Welcome to the City of Des Moines

As Iowa's capital city, Des Moines is a hub of government action, business activity, arts and cultural affairs. With a City population approaching 200,000 and a metro population of nearly 500,000, Des Moines offers some of the nation's best schools, superb public services, and friendly, caring neighborhoods.

Affordable housing, one of the nation's shortest average commute times, and an increasingly diverse population, make Des Moines a wonderful place to live, work and visit.

The Vision

We aspire to be the city of choice for ourselves and future generations - beautiful, clean and safe.

We will achieve our vision through a healthy economy, strong businesses, vital neighborhoods, excellent schools, a vibrant downtown, and extensive recreational and cultural opportunities.

We will preserve our City's friendly, hometown atmosphere and celebrate the diversity of its people.

We require innovative governance that is accessible, accountable, and efficient with a system of funding that is fair, affordable, and stable.

Des Moines Art Center

Recognized by international art critics as a world-class museum in the heart of the Midwest, the Des Moines Art Center has amassed an important collection with a major emphasis on contemporary art. The collection’s overriding principle is a representation of artists of the 19th and 20th century, each through a seminal work. This accounts for an impressive collection that ranges from Edward Hopper’s Automat to Jasper Johns’ Tennyson, Henri Matisse’s Woman in White, Georgia O’Keeffe’s From the Lake No. 1, and Francis Bacon’s Study after Velásquez’s Portrait of Pope Innocent X.

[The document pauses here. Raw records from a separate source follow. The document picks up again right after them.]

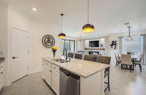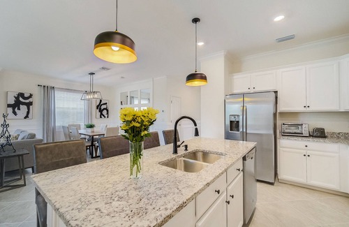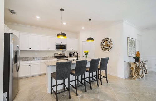 It is 4 bedroom, 3 bath, fully equipped kitchen with a cozy lanai overlooking natural pond and preserve with a beautiful nature all around. Every evening you can enjoy an amazing sunset with your loved one or your friends!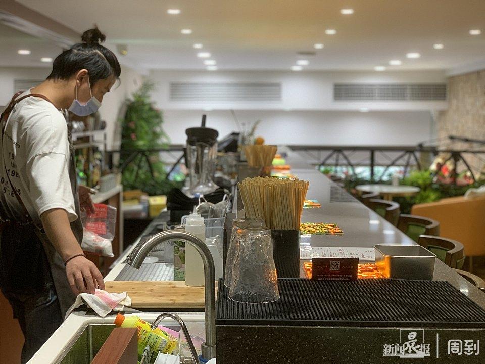 二樓迷你酒吧的調(diào)酒師張洛閣告訴記者,自9月7日試營業(yè)以來,顧客人數(shù)整體呈上升趨勢,“很多上來的顧客都是在下面點上一盤火腿,再上來點一杯酒?!睋?jù)張洛閣介紹,二樓酒吧主要的顧客為年輕群體,其中又以晚上的生意更好,“每天晚上9點會有一波高峰。很多年輕顧客逛完外灘,來這里切上一盤火腿,喝上一杯?!?/p>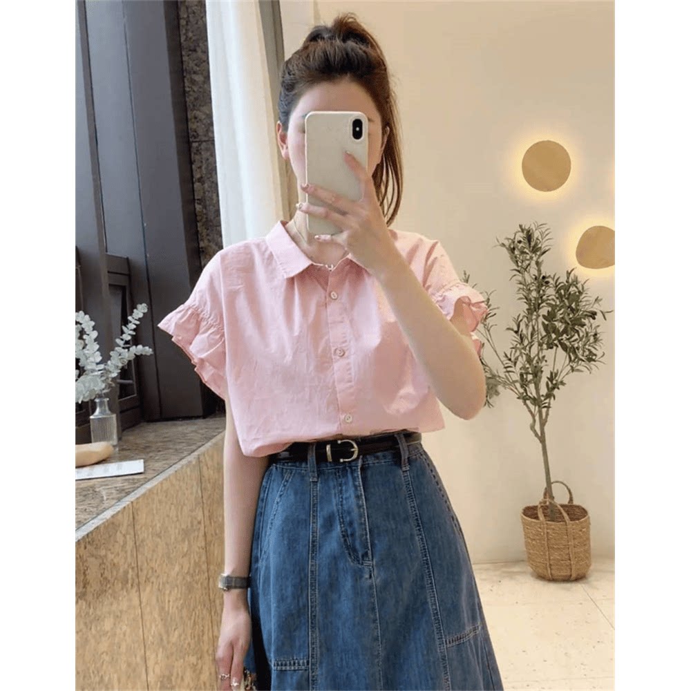 女夏季 法式 小清新polo领荷叶边纯棉短袖 衬衫 休闲宽松百搭上衣 新款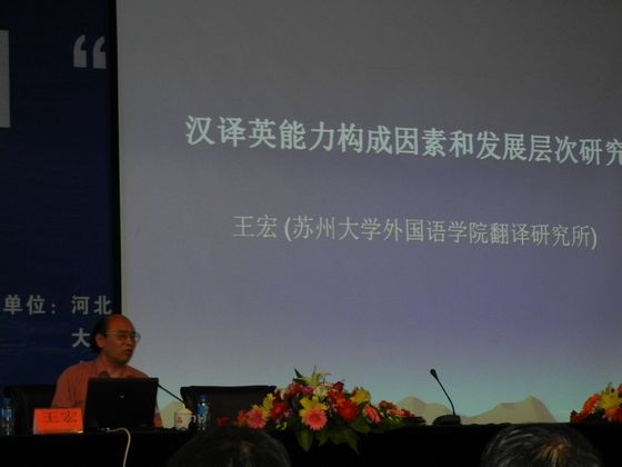 本次会议期间,汪榕培、王宏印(南开大学教授、博导)、傅惠生(华东师范大学教授、博导)、李正栓(河北师范大学外国语学院院长、教授、河北省高校外语教学研究会会长)、杨俊峰(大连外国语学院教授、辽宁省高校外语教学研究会会长)、王之江(浙大城市学院外国语学院院长、杭州市翻译协会会长)、李秀英(大连理工大学外国语学院副院长、教授)、朱源(大连外国语学院应用英语学院院长、教授)和我院王宏教授等应邀做了大会发言。汪榕培教授的发言题目为“我与翻译”,他的发言涉及了翻译领域的“中国学派”、对“典籍”的理解等问题和对典籍英译领域的未来展望,他特别强调了要重视中国典籍英译的中国特色和典籍英译实践与研究的国际性、普适性、现代化和对外宣传。其他大会主题发言者的题目分别为 “新格律翻译的践行者,中国典籍英译的教育者:热烈祝贺汪榕培教授七十华诞”、“‘传神达意’赏《牡丹》”、“传神达意、阅读与欣赏”、“从语言、文化、技术层面看翻译”、“‘匠心独具’,惠泽后人:汪榕培教授的10年引领”、“基于汉英平行语料库的历史典籍术语提取与鉴定”、“从生态翻译学角度解读汪榕培英译《木兰诗》”和“汉译英能力构成因素和发展层次研究”。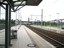 Düsseldorf Airport (Bahnhof Düsseldorf Flughafen) is a railway station in Düsseldorf, Germany on the Cologne–Duisburg line that connects Düsseldorf Airport to Düsseldorf-Stadtmitte and long-distance trains, most of them ICE trains. Opened in May 2000, the new railway station has the capacity of 300 train departures per day.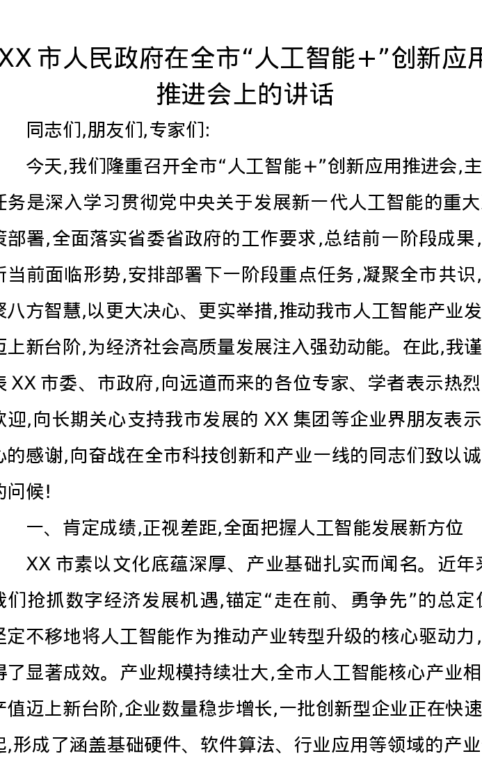 XX市人民政府在全市“人工智能+”创新应用推进会上的讲话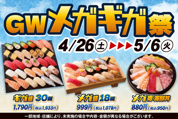小僧寿しは、4月26日~5月6日の期間限定で「ゴールデンウィークメガギガ祭」を開催します。

The Art Center’s physical complex marries with the collection for a totally integrated experience. The collection is housed in three major buildings; each designed by a world-renowned architect Eliel Saarinen, I. M. pei, and Richard Meier.

Admission to the museum’s galleries is always free.

Adventureland

Adventureland has provided many fond memories for families over the last 29 years. It all began in the spring of 1973 when bulldozers and earth-moving machines plowed under cornfields just east of Des Moines to reshape the contour of the land to make way for what is now Iowa's largest tourist attraction, Adventureland Park.

Years before, the grounds belonged to the Des Moines Airport where Charles Lindbergh once stopped in 1924. These grounds later became a family farm where fir trees served as a windbreak for its old farmhouse. The Farmhouse and trees still stand today in the Iowa farm section of the park.